The Golden Eagles' successful brand of speed ball was no match for an undersized and similarly exhausted Panthers team, which was playing just its second game at home this season.,”
A jet-lagged Marquette team showed it was the more dominant school of the 414 area code by banking a 74-63 victory over Wisconsin-Milwaukee, its nearest geographical opponent.
The Golden Eagles' brand of speed ball was no match for an undersized and similarly exhausted Panthers team, which was playing just its second game at home this season.
With only 735 attendees at the Klotsche Center, the visiting faithful clad in blue and gold were left chanting, "This is our town," in the waning moments of Wednesday night's showdown.
Continuing to improve since losing on the road to Virginia, Marquette learned a lot about its character last weekend in the U.S. Virgin Islands, where it won three games in as many days, including the championship of the Paradise Jam.
"Right now, this team is all about the intangibles," Marquette coach Terri Mitchell said.
"We're coming off a week where we played four games in six days. That was an extremely intense game where we had to turn around and re-focus for 40 minutes. Although the Virgin Islands was an awesome trip, there's the price you pay on the way back. We were very fatigued this week."
The Golden Eagles (6-1) often fed the hot hand of Danielle Kamm.
Kamm, who entered the game averaging a team-high 7.0 rebounds per contest, showed another dimension of her game besides crashing the glass.
A match-up problem for most zone defenses, the 6-foot-2 senior forward was 4-of-7 from the three-point stripe, matching a career-high with 18 points in only 23 minutes.
Teammate Krystal Ellis shared a game-high 19 points along with Traci Edwards of the Panthers.
"Against any zone you're going to have more opportunities from the outside to find open looks," Kamm said. "Because they were in a zone, I just happened to have the open hand today."
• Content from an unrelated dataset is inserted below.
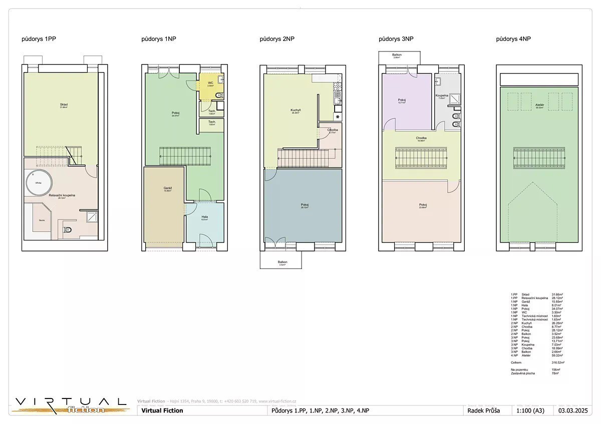 Řadový dům s dispozicí 7+1 se nachází v klidné oblasti nedaleko metra Rajská zahrada. Tento zděný dům s jedním podzemním a čtyřmi nadzemními podlažími. Pozemek má celkem 156 m², z toho zastavěná plocha činí cca 78 m² a zahrada 78 m², podlahová plocha domu je 317 m² a užitková plocha místností cca 250 m², využití domu je variabilní, po instalaci kuchyňských linek v patrech lze dům užívat jako vícegenerační se společným vchodem, nebo rozdělit na několik bytových jednotek. V domě je centrální schodiště. Velká garáž se sekčními vraty s elektrickým pohonem na dálkové ovládání. Menší zahrada. V celém domě jsou nová plastová okna v nejvyšším standardu s trojsklem. Od 2NP 4NP jsou pokoje osazeny čtyřmi novými klimatizačními jednotkami Daikin. Suterén (1PP): místnost sloužící doposud jako sklad (32m²) a prostorné wellness s vířivkou, saunou a toaletou (28m²). Přízemí (1NP): garáž 16m², předsíň, pokoj (34m) odkud je vstup na menší zahradu s tůjemi a dvě technické místnosti s kotli. 1. patro (2NP): místnost s kuchyní (26m²) a pokoj (28m²) se vstupem na menší balkon. 2. patro (3NP): ložnice 14m², z chodby je vstup do koupelny se sprchou a toaletou, další pokoj 24m² s balkonem. 3. patro (4NP): ateliérový prostor (59m²). Dům byl průběžně udržován a je ve velmi dobrém stavu, je napojen na všechny inženýrské sítě včetně plynu. Vytápění a ohřev TUV je řešeno kondenzačním kotlem. Nízká spotřeba energií třída B/C. Tato nemovitost má výbornou dopravní dostupnost 5 min. chůzí na Metro Rajská zahrada, 4 min. chůze na vlakovou stanici Praha nádraží Rajská zahrada (do centra Prahy 15 min.). V dojezdu 5 min. autem na 3 dálnice D8, D10, D11 a na pražský okruh. Pouze 5 min. autem do Centra Černý most a celou nákupní zónu (Hornbach, Ikea, XXX Lutz, Sconto a další). Dalším spojem je vlak, kterým se během několika minut dostanete do centra Prahy.

Kamm scored eight of Marquette's initial 12 points in the second half.
"Her height gives her an advantage to rebound and defend," Mitchell said. "But at the same time, she has the guard skills on the perimeter."
UW-Milwaukee (3-5) wasn't exactly billed as a group of pushovers, either. The Panthers were fresh from their championship run in the SMU Hoops for the Cure Classic last weekend in Dallas.
The Golden Eagles were 30-of-62 (48.4 percent) from the field, while UWM sank 22-of-52 (42.3 percent) shots. Marquette had a plus-5 advantage on the backboards.
The Panthers had four players score in double figures and had a positive assist-to-turnover ratio. UWM's problem was that there just wasn't enough juice left in the team's collective battery.
"I felt good about how our kids played," UWM coach Sandy Botham said. "We just missed shots."
The Golden Eagles used their well-honed transition game during a 9-1 run midway through the second half to pull away and capped it off with a jumper by sophomore Marissa Thrower to take a 66-52 lead.
The Golden Eagles haven't lost to UWM since 1996.